Uganda – Day 12

Before I start talking about today, a quick note about last night. Stu and I had been granted permission to go out on boat patrol with the rangers in order to try and catch some poachers. Both of us were very excited about this prospect. However, this did not happen as at about 10.30pm we were visited by about 20 rangers (including Kulu, who was in charge while Nelson was away on business in Kampala) who bought beer, soda and a mountain of food  including my much beloved goat. This was a lovely way to say ‘Goodbye’ and it was much appreciated by all of us.

 

Today was one of those days which moved between the sublime and the ridiculous although sublime accounted for less than 20% of the day. We were all up at 5.30am as Stu’s alarm can replicate an American fire klaxon right down to the ear shattering volume. For the last time at Hippo House I went through my morning ritual of a bottle shower, the problems of a toilet that doesn’t flush properly, my daily dose of malarone, spraying DEET all over myself and generally getting myself ready. We had to leave at 6.30am for our game drive and for this we were picked up by Tadeo and our guide for the drive, Bernard. The drive was very interesting as Bernard has an encyclopaedic knowledge of the wildlife of the park. We watched groups of Ugandan Kob move around and monitored their behaviour before we stopped suddenly as Rebecca had seen a leopard. We all turned round and got a glimpse of it, but for not long enough to take a photo. The Kob were suddenly all on alert and we waited for twenty minutes to see if the leopard would emerge from its hiding place to chase them, but no luck. We were joined in our wait by a busload full of Essex girl guides (bizarre I know) before giving up on seeing anything else happen.

 

While all the other groups (girl guides included) finished their drives, we stayed behind as Tadeo had a special treat for us. He said that he had to patrol off the game drive track in case there were any poachers about and after about fifteen minutes of driving we managed to find a lion, a lioness and three cubs all in close proximity to each other. We managed to get close enough to get some good photos.

 

We returned to Hippo House to pick up our luggage and load up the Sunshine Wagon before leaving the park. We popped into the UWA headquarters to say ‘goodbye’ which turned into a ninety minute meeting. However, I did manage to get a copy of the park’s boardgame for the school and a few curriculum ideas.

 

Our next destination was Kasese to pick up some money the Twinning Project had sent us as we had had to spend so much money on fuel and repairing the sunshine wagon. Finding a bank that would accept a moneygram took nearly an hour and then another  half an hour to complete the transaction. And so it was that we finally left Kasese at 4.30pm for the six hour journey to Entebbe.

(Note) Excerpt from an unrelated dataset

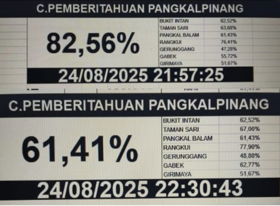 Cakrawalanational.news-Pangkalpinang, Menjelang H-3 pelaksanaan Pemilihan Kepala Daerah (Pilkada) Ulang Pangkalpinang 2025, publik digegerkan dengan adanya data berbeda mengenai progres distribusi Formulir C6 (surat pemberitahuan memilih) yang dikeluarkan oleh Komisi Pemilihan Umum (KPU) Kota Pangkalpinang, Minggu (24/8/2025) malam.
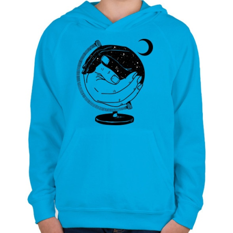 1 kép PRINTFASHION Új világ - Gyerek kapucnis pulóver - Azúrkék

At first everything seemed to be going well. The northern road to Kampala and Entebbe is in better condition than the southern road and the mountain views are spectacular. However, fate was soon to intervene as we passed through a town called Kibote and the Sunshine Wagon groaned and water suddenly poured out of the radiator. Stu and I collapsed laughing, the Sunshine Wagon has been nothing but consistent throughout our trip. Fortunately, it was only a snapped clip which had released the a tube form the radiator, but it took an hour to diagnose and fix. Again we made decent progress and reached Fort Portal (290km from Kampala) by about 7.00pm. Our next incident soon followed with the back door of the Sunshine Wagon coming open as we turned a corner and sending our luggage all over the road. This time everyone laughed apart from Charles the driver.

 

After putting all the luggage on the back seat next to Stu we continued our journey towards Kampala. It became obvious that we weren’t going to make it to Kampala as we were all shattered, so we made a decision to drive until 11.00pm with Charles and Stu sharing the duties.

We have stopped at a hotel in a small town called Minweya, about two hours from Kampala. Stu and I have been watching the women’s 10’000m from the Olympics before hitting the sack. Tomorrow our epic journey continues. What could possibly go wrong?